Я продал в «Советский писатель» сборник моих старых повестей и рассказов. Сейчас сижу над ними — подправляю.
Марина тщательнейше исправила взятые у тебя 100 страниц «Хижины». Что с ними делать? Куда и когда их тебе посылать, чтобы они, не дай бог, не потерялись? Пожалуйста, ответь на этот вопрос поскорее, потому что надо же это затянувшееся дело привести к концу.
У нас превосходная погода весь сентябрь. Вы все еще в Переделкине? Каков ваш новый шофер?
Я, быть может, с писательской бригадой поеду в Белоруссию. Впрочем, вряд ли.
Коля.
23 сент. 1939.
Конец сентября 1939 г. Переделкино
Дорогой Коля!
Завтра утром, если все будет благополучно, я уезжаю в Барвиху. Адрес мой ты знаешь. Я еще никогда не чувствовал себя так худо, как теперь, и не верю, что поправлюсь. Мама внизу тоже лежит больная. Ей нужен отдых больше, чем мне.
Я рад, что у вас все благополучно. Татка доставила бы мне большое удовольствие, если бы прислала в Барвиху письмо о себе. Гуля тоже. Если мне полегчает, я буду заниматься «Хижиной дяди Тома» . Закончила ли Марина работу над теми листами, которые она у меня взяла. Впрочем, мы об этом еще спишемся.
Дорогой Коля! Меня сильно тревожит судьба Кати. В последнее время я неотступно думаю о ней. Я обязан ей помочь. Боюсь, что ей очень плохо живется. Но где она? — узнай, пожалуйста.
Военные дела меня не тревожат. Я уверен в нашей быстрой и безупречной победе. Воображаю, как воинственно настроен Гулька. Напиши мне о нем, пожалуйста.
Твой отец.
7 октября 1939 г. Барвиха Барвиха.
Милый Коля, в Барвихе есть твой «Ярославль», который отдыхающие усердно читают. Есть и «Княжий угол». Я перечел «Ярославль», и мне снова понравилось европейское изящество твоей литературной манеры. — Удается ли тебе твоя работа теперь? Да, очень жаль, что ты не поехал во Львов, в Белосток. Будь я здоров, я непременно поехал бы. Хотелось бы видеть тамошнюю детвору, тамошних писателей, интеллигентов.

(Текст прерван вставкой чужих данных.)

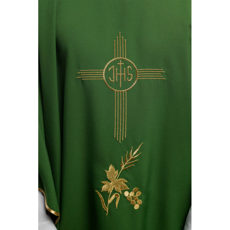 Casula gótica com bordado na frente e atrás. Acabamento em cetim dourado.
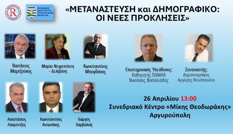 Ημερίδα διοργανώνουν τα παραρτήματα Ελλάδος και Ισραήλ του Ρεπουμπλικανικού Κόμματος των ΗΠΑ και το Ελληνικό Ινστιτούτο Στρατηγικών Μελετών (ΕΛΙΣΜΕ), στις 26 Απριλίου 2025, στο Συνεδριακό Κέντρο «Μίκης Θεοδωράκης» Δήμου Ελληνικού-Αργυρούπολης (13:00-18:30).
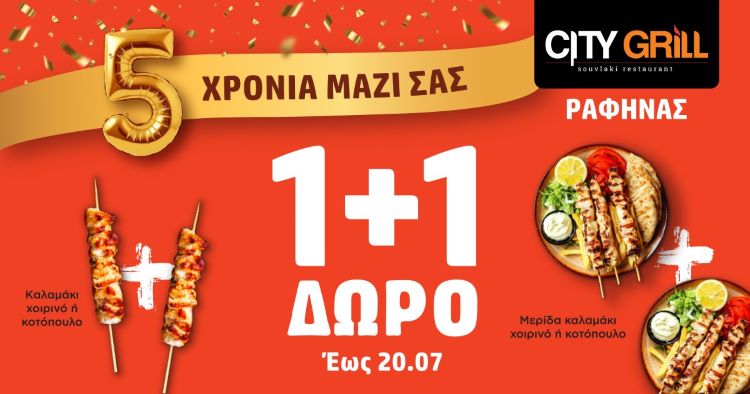 Το CITY GRILL στη Ραφήνα σβήνει 5 κεράκια και λέει ένα μεγάλο ΕΥΧΑΡΙΣΤΩ σε όλους εσάς που μας στηρίξατε όλα αυτά τα χρόνια!
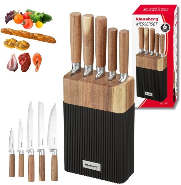 Klausberg ZESTAW NOŻY W BLOKU AKACJOWYM KB-7981
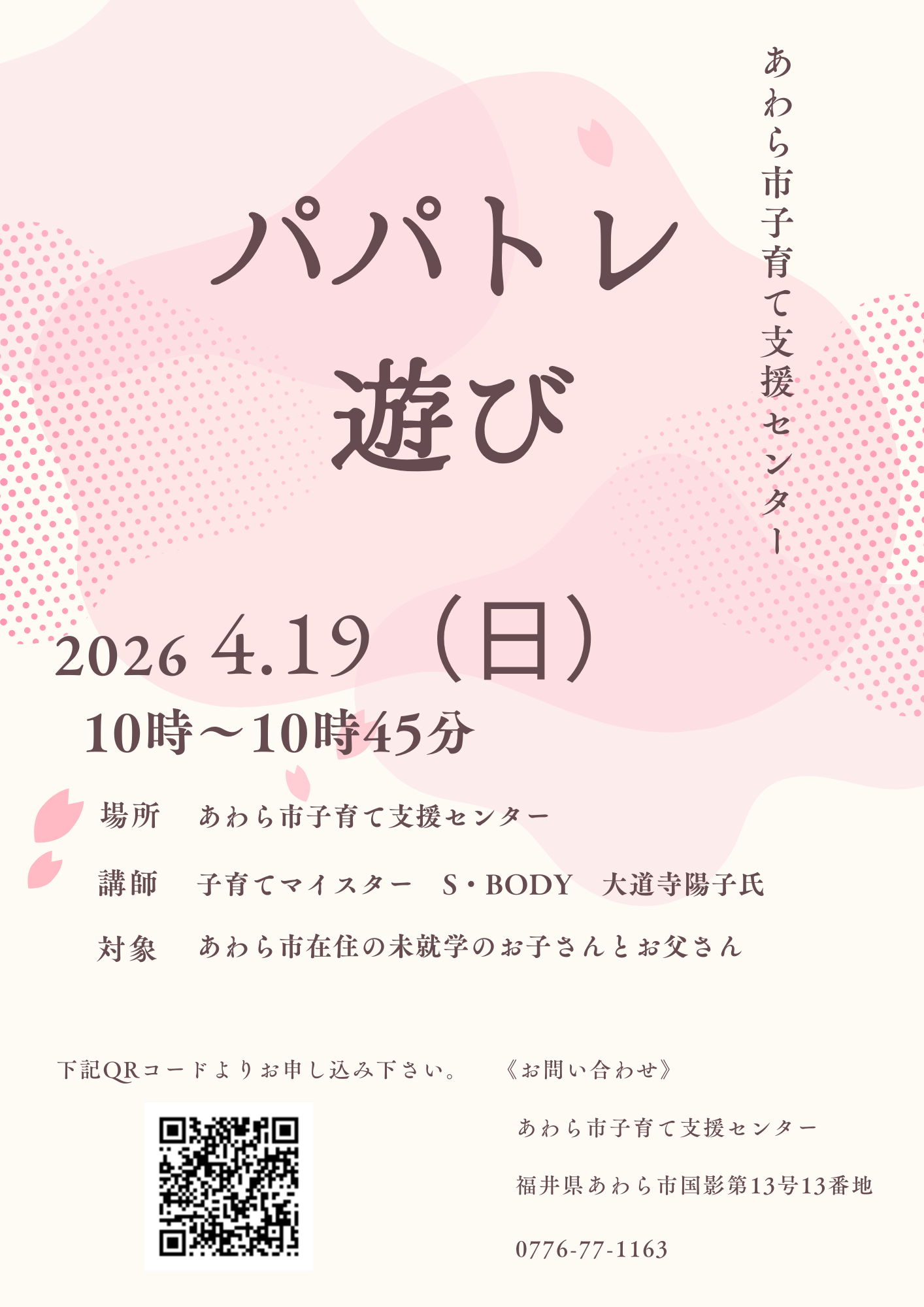 | 会場 | あわら市子育て支援センター(福井県あわら市国影第13号13番地) |

Сейчас был у меня консилиум: профессор, два доктора. Насколько я мог понять, сердце мое скверное, нервная система никуда не годится, и вообще песня моя вроде как бы спета. Здесь терзает меня бессонница, пульс 98, и вообще. Я так и чувствовал, что чуть перееду в Москву, так и покачусь под гору.
Лечат тут хорошо, но очень меня оглушают всякие снотворные; жизнь не мила после люминалов и бромов. Писанье я забросил: велят 6 часов быть на воздухе.
Хорошо еще, что публика здесь неплохая. Да и мало ее — человек тридцать, не больше. Погода — как и у Вас — диковатая: то снег, то кавказское солнце.
Мамы я не видал уже две недели. Как ее здоровье, не знаю.
Лидина повесть идет в «Красной нови». Там же будет напечатана и моя статья о Шекспире. Сейчас из Лидиной повести можно бы сделать сценарий. Как жаль, что я сижу в санатории!!!
Вскоре я смогу заниматься и тогда просмотрю 100 страниц, просмотренных Мариной.
Целую Тату: спасибо ей за письмо. Я был бы рад, если бы она не разочаровалась в Ленинградском Дворце Пионеров. Кружок ботаники может дать ей хороший фундамент. Бедная девочка, она до сих пор не знает, что Блэк оказался девицей и уже изгнан из нашего дома, как не оправдавший доверия.
Толстуха изгнана с позором, будучи уличена в похищении продуктов. В домино я ни с кем не играю. Не помню, поблагодарил ли я ее за чудесные фото. Если нет, благодарю от души.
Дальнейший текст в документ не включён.